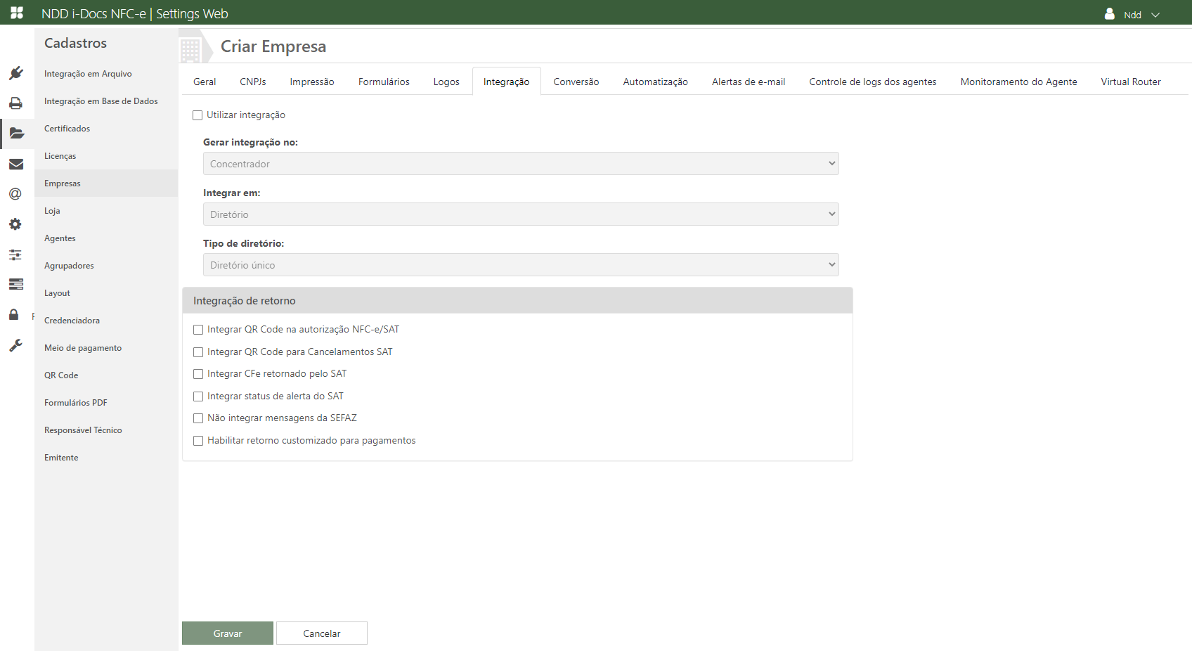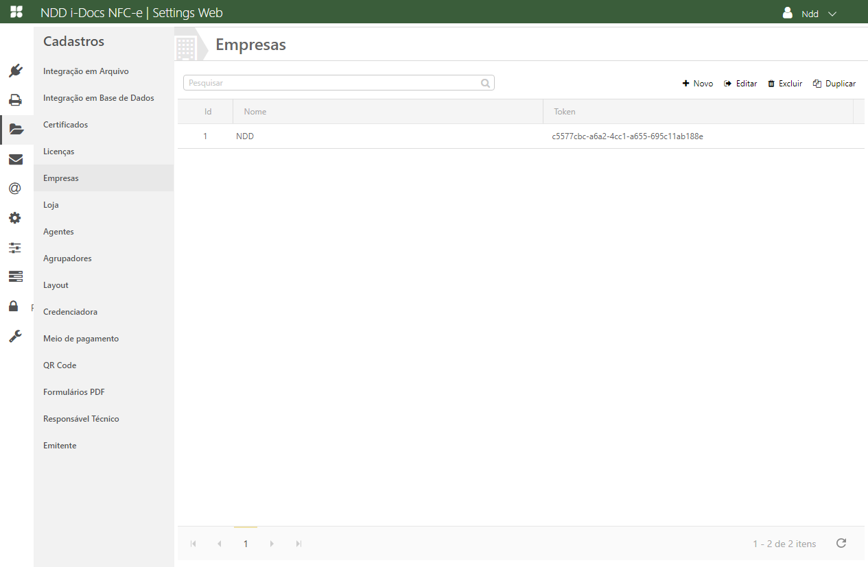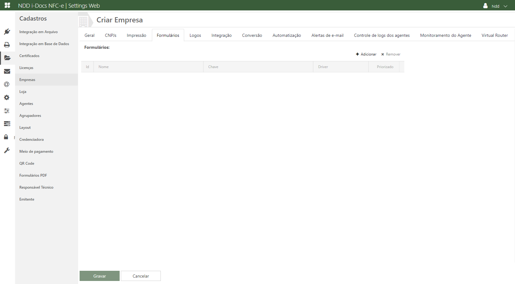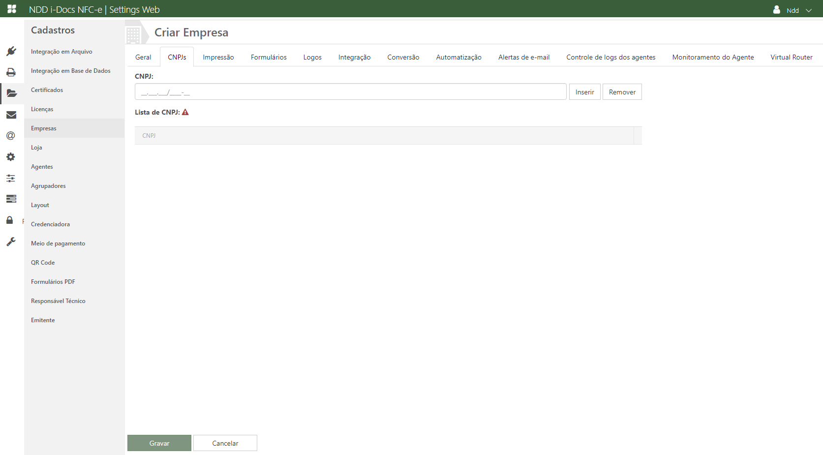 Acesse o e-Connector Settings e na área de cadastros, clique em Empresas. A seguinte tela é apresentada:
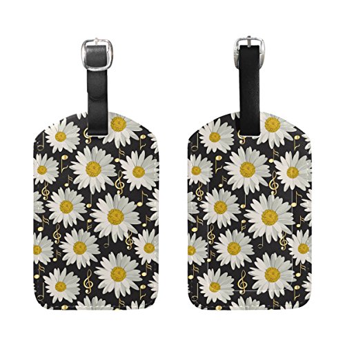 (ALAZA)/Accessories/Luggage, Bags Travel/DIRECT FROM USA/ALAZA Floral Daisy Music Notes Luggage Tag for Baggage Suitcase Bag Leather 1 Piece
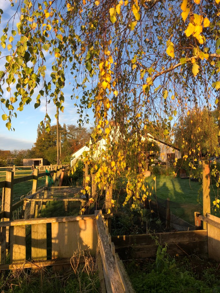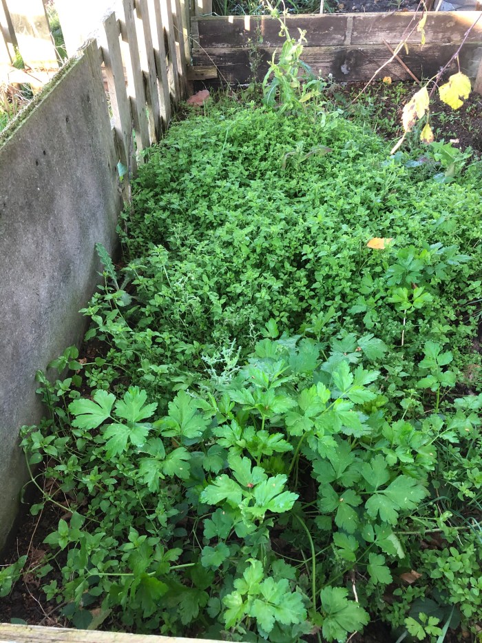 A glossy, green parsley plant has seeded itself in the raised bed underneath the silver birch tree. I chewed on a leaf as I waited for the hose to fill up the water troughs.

* * *

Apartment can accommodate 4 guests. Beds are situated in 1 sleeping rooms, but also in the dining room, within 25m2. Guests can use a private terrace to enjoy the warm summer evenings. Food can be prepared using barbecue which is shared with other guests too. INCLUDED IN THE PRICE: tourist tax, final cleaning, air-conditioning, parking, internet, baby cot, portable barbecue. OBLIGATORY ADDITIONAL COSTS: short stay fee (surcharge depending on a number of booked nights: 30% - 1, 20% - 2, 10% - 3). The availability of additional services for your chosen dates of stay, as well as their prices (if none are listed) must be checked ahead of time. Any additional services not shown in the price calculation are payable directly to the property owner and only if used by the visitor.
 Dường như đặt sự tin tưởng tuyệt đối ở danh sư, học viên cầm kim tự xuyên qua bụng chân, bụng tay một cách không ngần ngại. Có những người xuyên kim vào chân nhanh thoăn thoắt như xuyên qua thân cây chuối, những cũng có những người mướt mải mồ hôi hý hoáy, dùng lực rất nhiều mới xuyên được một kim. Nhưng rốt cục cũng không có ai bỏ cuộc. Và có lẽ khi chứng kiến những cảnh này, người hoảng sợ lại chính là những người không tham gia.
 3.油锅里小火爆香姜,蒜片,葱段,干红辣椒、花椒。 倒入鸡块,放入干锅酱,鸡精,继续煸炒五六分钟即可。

### AIM OF THE EXERCISE
Beginning with the line above that has "Acesse o e-Connector" and going on through the line that has "A glossy, green", retype every line exactly and add nothing else; drop the pictures.

### RESPONSE FOR THIS EXERCISE
 Acesse o e-Connector Settings e na área de cadastros, clique em Empresas. A seguinte tela é apresentada:
 (ALAZA)/Accessories/Luggage, Bags Travel/DIRECT FROM USA/ALAZA Floral Daisy Music Notes Luggage Tag for Baggage Suitcase Bag Leather 1 Piece
 A glossy, green parsley plant has seeded itself in the raised bed underneath the silver birch tree. I chewed on a leaf as I waited for the hose to fill up the water troughs.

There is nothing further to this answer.